Investors didn’t like General Electric (GE -1.47%) on Friday. The veteran industrials-and-more combination had its portion cost dinged by 1.4% on the day, a somewhat more regrettable downfall than the 1.1% slide endured by the S&P 500 file. The decline was sparked by news that a regulator was looking into its overseas operations.
Consequently, prior to market opening, Reuters reported that French financial regulators had searched General Electric’s facility in the eastern city of Belfort. The news agency added, citing a response from deputy financial prosecutor Antoine Jocteur-Monrozier, that this was carried out as part of a preliminary investigation into alleged tax fraud and money laundering.
According to the French official, the investigation is ongoing. It is the result of a complaint made by the facility’s unions and workers’ council. This claimed that General Electric transferred 590 million euros ($555 million) in profits to Switzerland or the United States. It was unclear how the industrial company allegedly accomplished this.

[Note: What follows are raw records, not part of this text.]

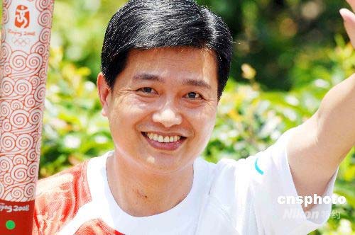 5月8日中午,奧運(yùn)火炬接力傳遞在深圳舉行,社會(huì)各界208名火炬手穿越深圳。圖為深圳第一位打破世界紀(jì)錄的運(yùn)動(dòng)員韓星元在第四棒火炬?zhèn)鬟f中。中新社發(fā) 陳文 攝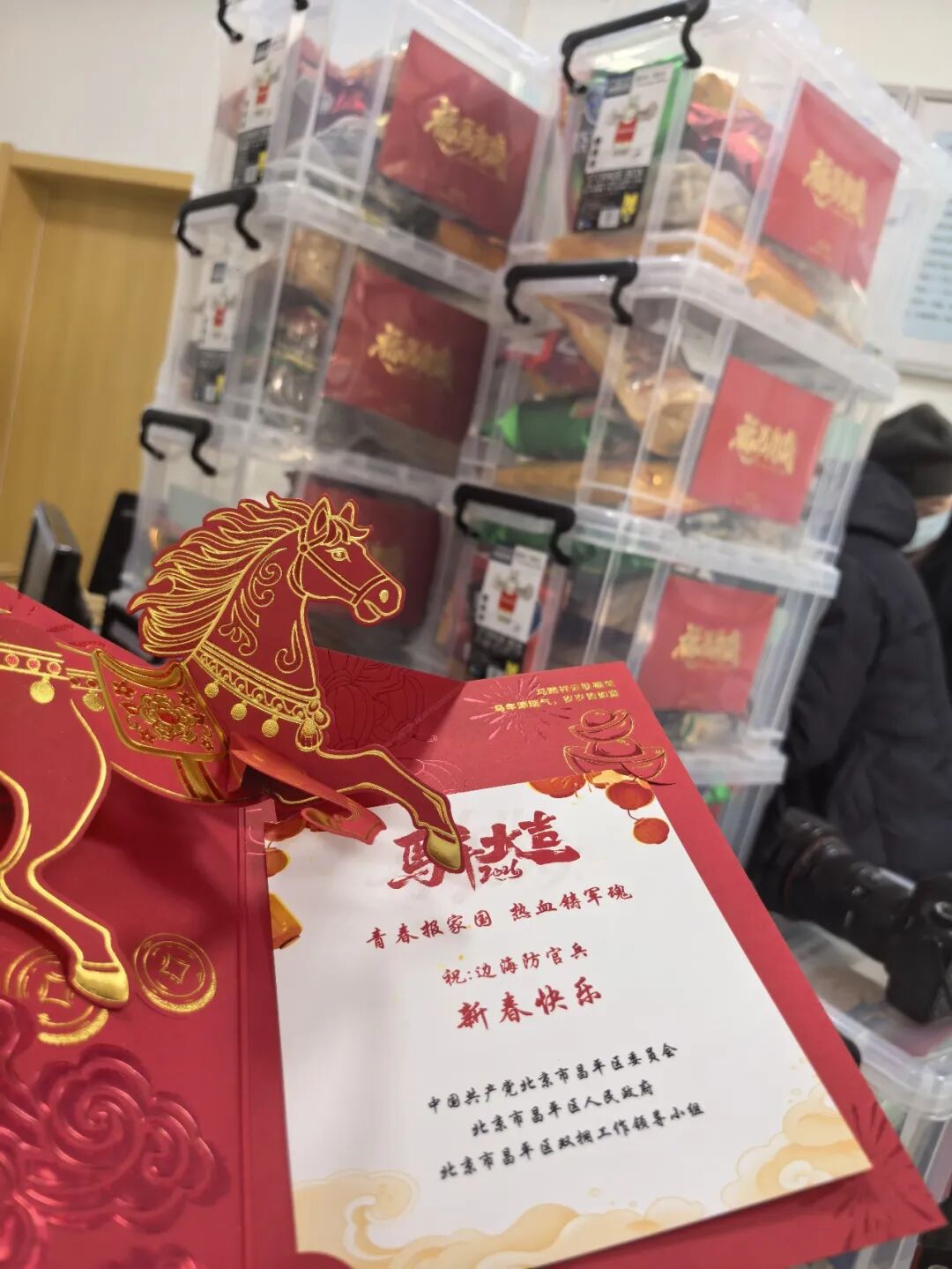 在中国邮政(昌平政府街邮政支局)柜台前,工作人员耐心细致进行包装、检查工作,一箱箱年货即将送往千里之外的边海防哨位。此次春节专项慰问活动,区双拥办提前谋划、广泛征集、优中选优,准备了数百份新春年货慰问品与贺卡、慰问信、春联福字、书法绘画作品等一同送往边海防官兵手中,一箱箱慰问品饱含着昌平区委、区政府和人民群众对边海防官兵的关心关爱。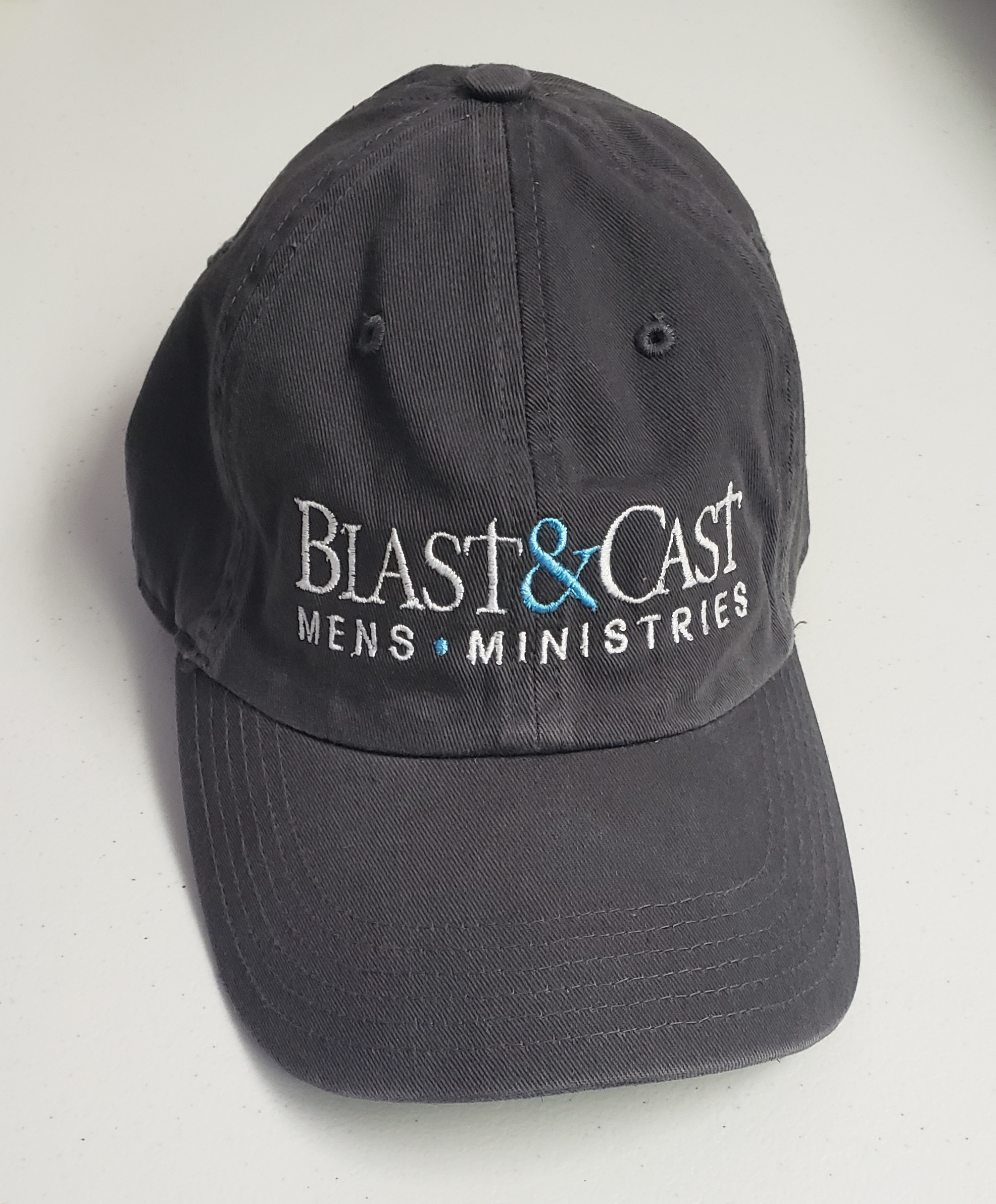 Unstructured Richardson model hat. Charcoal gray with a white logo and light blue accent. Adjustable cloth strap with a metal buckle.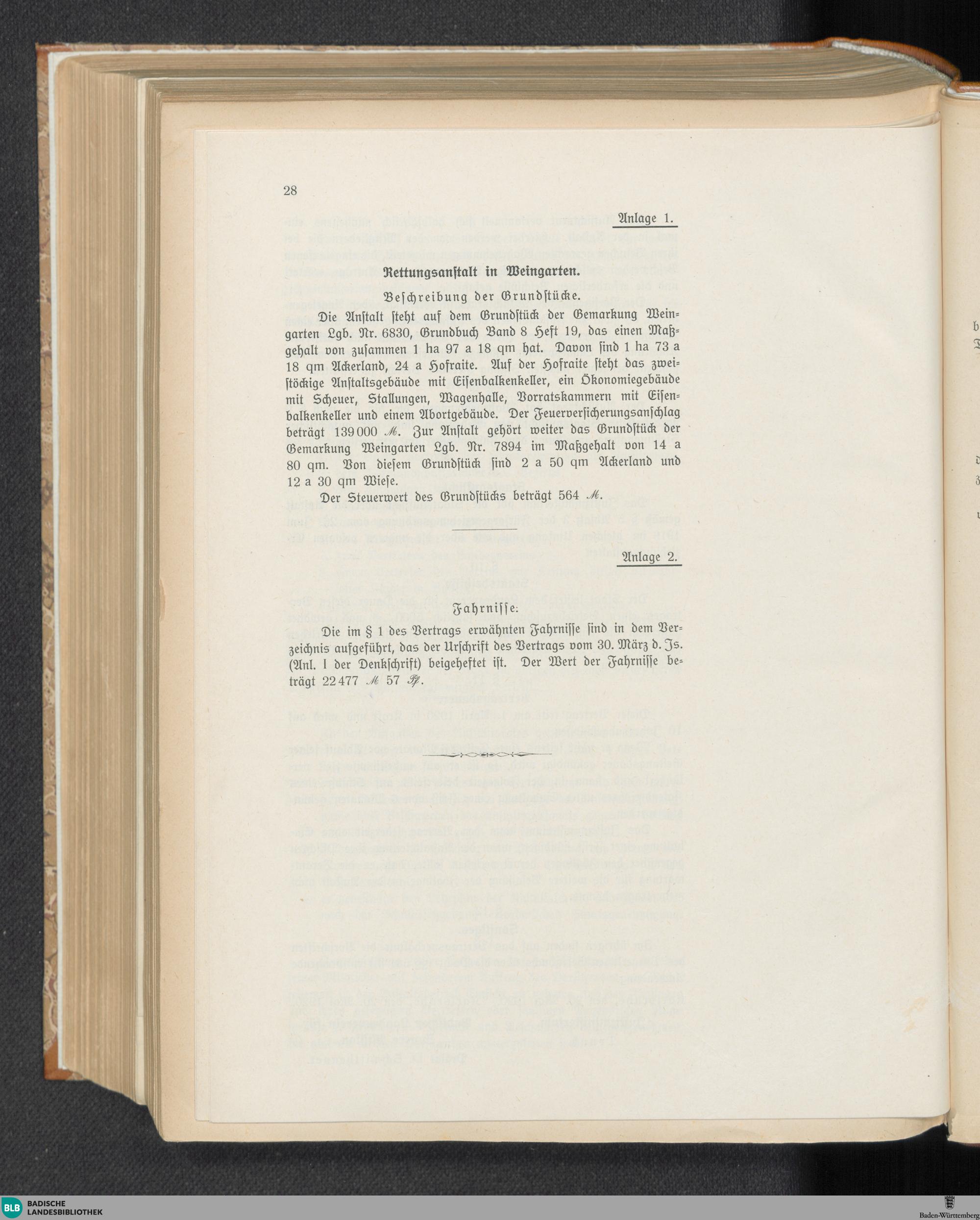 Denkschrift über die Übernahme der Erziehungsanstalten in Hüfingen, Weingarten und...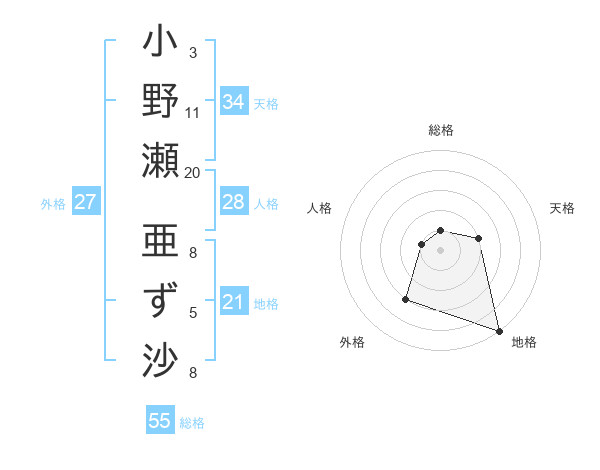 小野瀬 亜ず沙さんを姓名の画数から五運を鑑定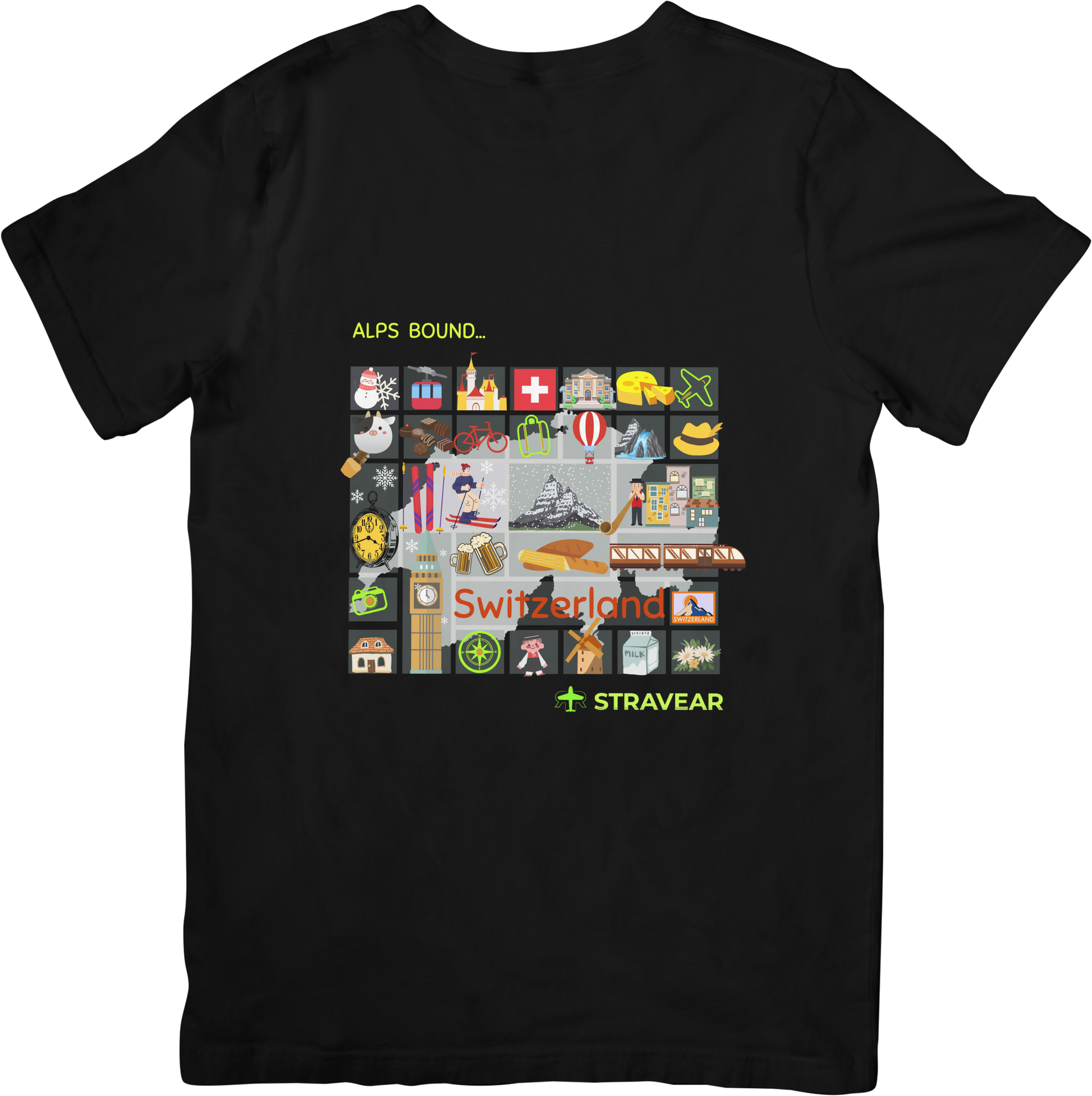 This T-shirt design beautifully showcases a vast range of traditional elements from Switzerland, each captured within smaller rectangles that form part of a larger rectangular design. At the center, a grey-colored map of Switzerland serves as the backdrop, enhancing the intricate details of the illustrations. Featured elements include the majestic Alps mountain, iconic trains of the country, and world-renowned Swiss watches. The design also highlights Swiss clothing, delicious cheeses and chocolates, a cheerful snowman, and the Swiss flag. Emblems of rural life such as cows, traditional cowbells, and quaint Swiss houses add a touch of authenticity. Additional elements like windmills, waterfalls, and bicycles illustrate the country’s picturesque landscapes. A palace and cable cars emphasize the historical and modern aspects of Swiss travel, while beers, breads, and hot-air balloons add to the cultural charm. The design is further enriched with images of a Swiss hat, skiing equipment (ski boots, ski poles), and snowflakes, reflecting Switzerland’s winter sports heritage. Symbols of Swiss financial prowess such as Swiss banks, the traditional musical instrument Alphorn, and the Edelweiss flower complete the comprehensive depiction of Swiss culture. This T-shirt is a perfect tribute to the beauty and traditions of Switzerland, making it an ideal choice for anyone who admires this enchanting country.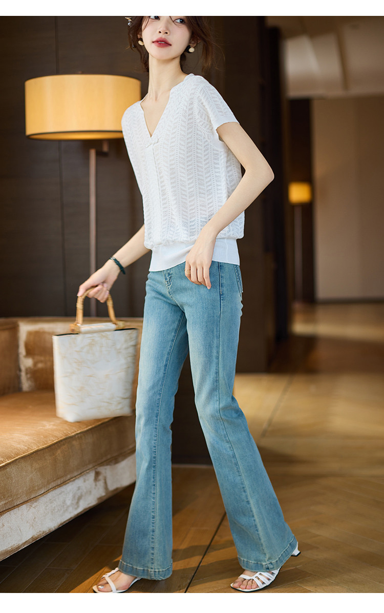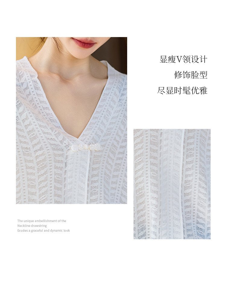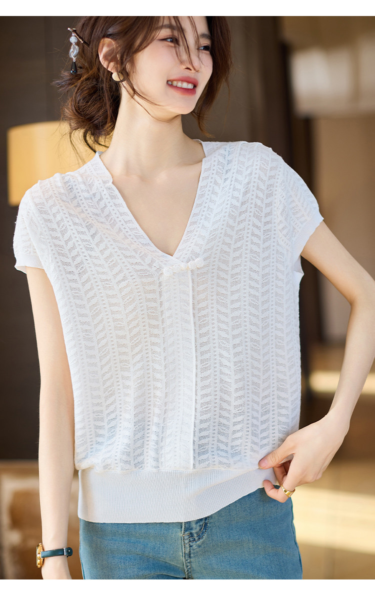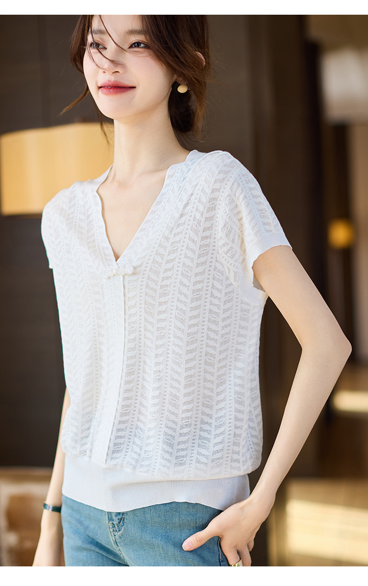 商品名称:短袖T恤2025夏季新款提花蕾丝肌理V领盘扣女式针织衫 673033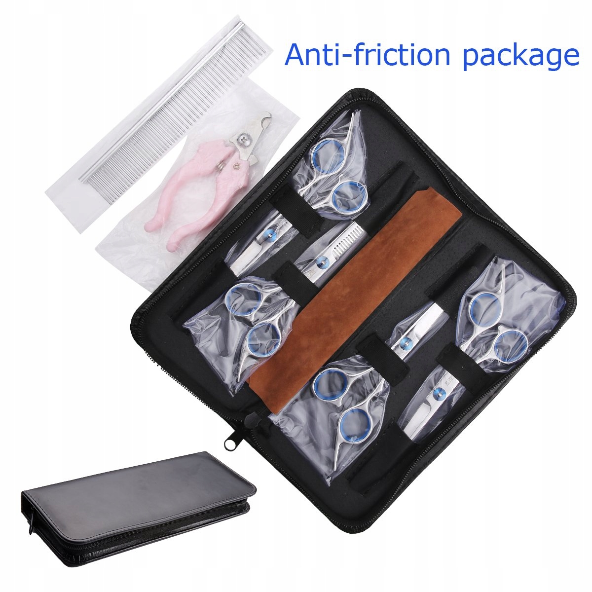 Полный набор для ухода за собакой — в комплект входят 1 прямые ножницы, 1 филировочные ножницы, 1 загнутые вверх ножницы, 1 загнутые вниз ножницы, 1 расческа для стрижки, 1 когтерезка, 1 чистящая салфетка и 1 черный кожаный чехол.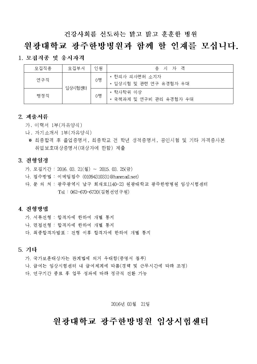 원광대학교 광주한방병원과 함께 할 인재를 모십니다.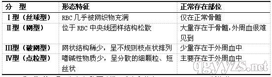 在紅細(xì)胞發(fā)育過程中,RNA含量有明顯規(guī)律性變化,即由原始階段較為豐富,然后逐漸減低,至細(xì)胞完全成熟后消失或接近消失,即紅細(xì)胞中網(wǎng)線狀結(jié)構(gòu)越多,表示細(xì)胞越幼稚。ICSH將Ret分為4型。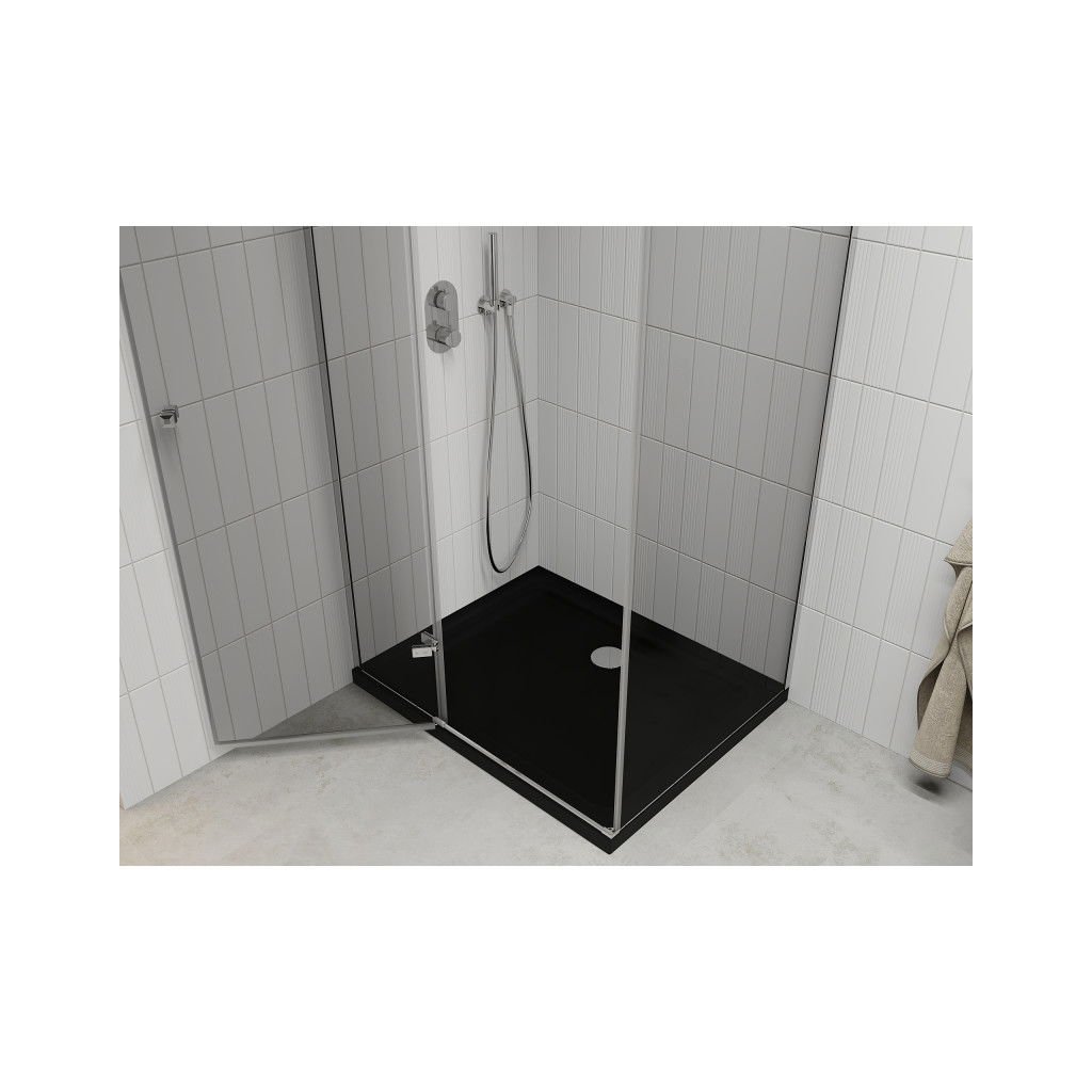 Mexen Roma, sprchový kút s krídlovými dverami 120 (dvere) x 90 (stena) cm, 6mm číre sklo, chrómový profil + slim sprchová vanička čierna + chrómový sifón, 854-120-090-01-00-4070
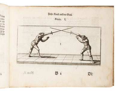 Second edition of "l'Ange's illustrated treatise on the use of the single rapier. L'Ange, a 17th-century German fencing master, likely studied in the tradition of Salvator Fabris, and was master to the University of Heidelberg and the Electoral Palatinate court at Castle Heidelberg. RARE: According to online records, only one copy of this work has sold at auction in the last 50 years. Pardoel 418; Thimm p.9.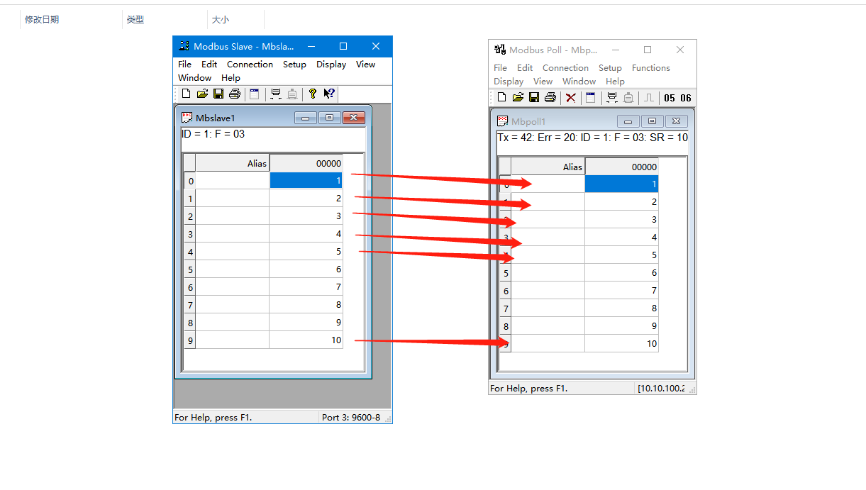 用MODBUS SLAVE軟件改變數(shù)值,MODBUS POLL就可以讀取到數(shù)據(jù),還可以監(jiān)控數(shù)據(jù)。

As a means of justifying the recent layoffs, unions had accused General Electric of making such transfers to book paper losses for the facility. The location employs approximately 4,000 people at the moment.
Now, it should come as no surprise that General Electric has denied the claims. It added that it submits to burden regulations in each locale in which it has tasks.
Following its acquisition of Alstom’s power business in 2015, the company purchased the Belfort site. Prior to that, it had granted Alstom a license to use the facility to manufacture turbines for General Electric.